(SOURCE DATA Opens)

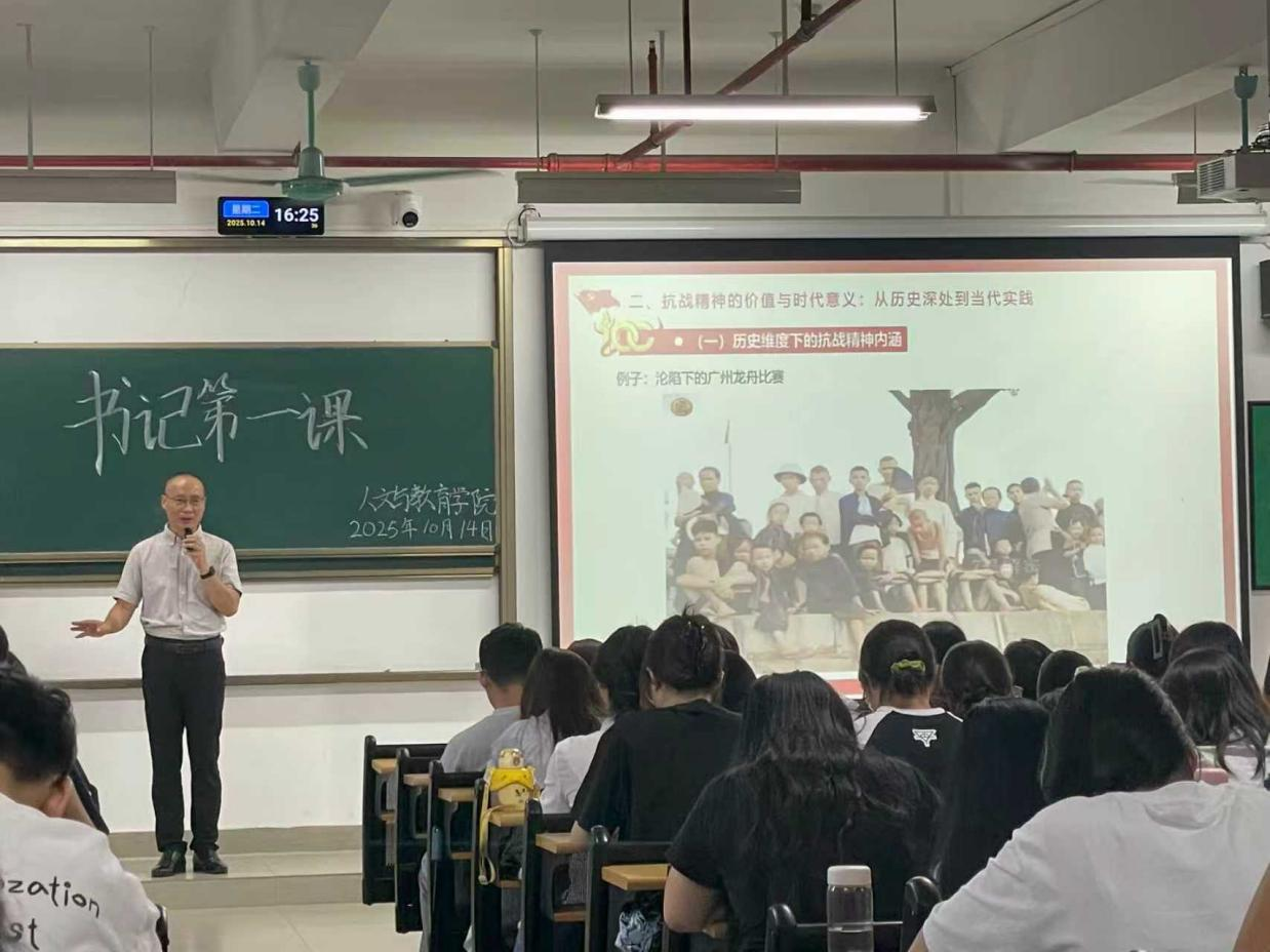 10月14日,suncitygroup太阳集团党总支于13号教学楼403教室开展“书记第一课”思政教育活动。党总支书记陈武耕围绕“弘扬抗战精神,淬炼担当本领”这一主题,为全院师生呈现了一堂内容充实、意义深刻的思政课,旨在传承红色基因,强化师生的家国意识。
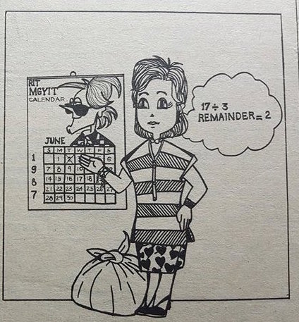 (I marked by a cross on the day at the calendar on which the washerwoman comes by dividing by three the number representing the day of the month as a daughter of the mathematician.) (Illustrated by Maung Yit)
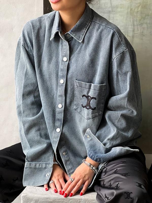 NEW COLLECTION 🤍🤍 Джинсовые рубашки оверсайз с брендовым лого 🔛 Размер единый 42-46, длина 68см, ширина 54см 〰️Арт. 575 🏷 цена 1120 ОРН
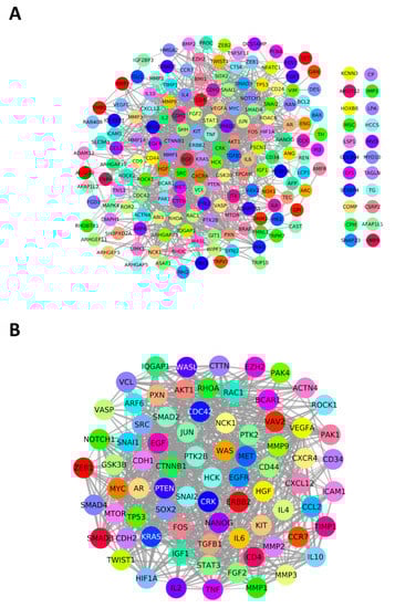 Protein–protein interaction (PPI) networks of genes and significant gene modules. (A) High-confidence (0.7) PPI network (STRING) of 185 unique genes involved in metastasis-related processes. (B) PPI network of the candidate hub genes (MCC and MCODE).
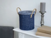 Корзина TODI круглая плетеная, текстильная, с ручкой, синяя, диаметр 23 см, высота 23 см. Универсальная корзина для хранения вещей занимает минимум места и идеально вписывается в любой интерьер, позволяет эффективно организовать пространство в вашем доме. Корзина имеет практичные ручки для перемещения. Данную модель можно использовать для хранения разных домашних принадлежностей.
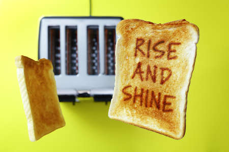 Good morning rise and shine on flying toast or toasted bread popping up from the toaster
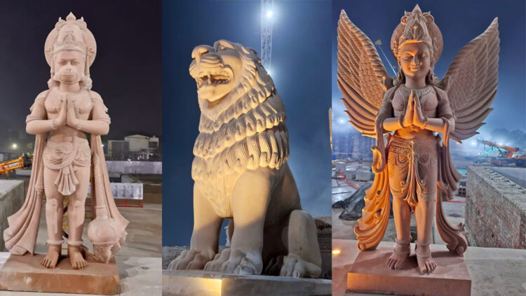 പ്രധാന കവാടത്തിൽ ഹനുമാൻ, ഗരുഡൻ, ആനകൾ, സിംഹങ്ങൾ എന്നിവയുടെ പ്രതിമകൾ സ്ഥാപിക്കും. കവാടത്തിൽ സ്ഥാപിക്കാനൊരുങ്ങുന്ന പ്രതിമകളുടെ ചിത്രങ്ങൾ പങ്കുവെച്ചിരിക്കുകയാണ് രാമജന്മഭൂമി ക്ഷേത്ര ട്രസ്റ്റ്. രാജസ്ഥാനിലെ പഹാർപൂർ പ്രദേശത്ത് നിന്നുള്ള മണൽക്കല്ലുകൾ ഉപയോഗിച്ചാണ് പ്രതിമകൾ നിർമ്മിച്ചിരിക്കുന്നത്.
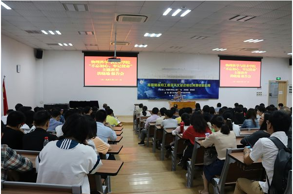 洪晓瑜学长介绍了对中国探月历程的艰辛故事。从嫦娥一号、嫦娥二号和嫦娥三号到嫦娥四号,这里面所蕴含的汗水和付出实难想象,在场师生们都深受感动。

(SOURCE DATA Closes)

> _WORK TASK_
Out of the records above, set down only the lines from the one that contains "(I marked by" through the one that contains "Good morning rise", unchanged and without the pictures.

> _TASK ANSWER_
 (I marked by a cross on the day at the calendar on which the washerwoman comes by dividing by three the number representing the day of the month as a daughter of the mathematician.) (Illustrated by Maung Yit)
 NEW COLLECTION 🤍🤍 Джинсовые рубашки оверсайз с брендовым лого 🔛 Размер единый 42-46, длина 68см, ширина 54см 〰️Арт. 575 🏷 цена 1120 ОРН
 Protein–protein interaction (PPI) networks of genes and significant gene modules. (A) High-confidence (0.7) PPI network (STRING) of 185 unique genes involved in metastasis-related processes. (B) PPI network of the candidate hub genes (MCC and MCODE).
 Корзина TODI круглая плетеная, текстильная, с ручкой, синяя, диаметр 23 см, высота 23 см. Универсальная корзина для хранения вещей занимает минимум места и идеально вписывается в любой интерьер, позволяет эффективно организовать пространство в вашем доме. Корзина имеет практичные ручки для перемещения. Данную модель можно использовать для хранения разных домашних принадлежностей.
 Good morning rise and shine on flying toast or toasted bread popping up from the toaster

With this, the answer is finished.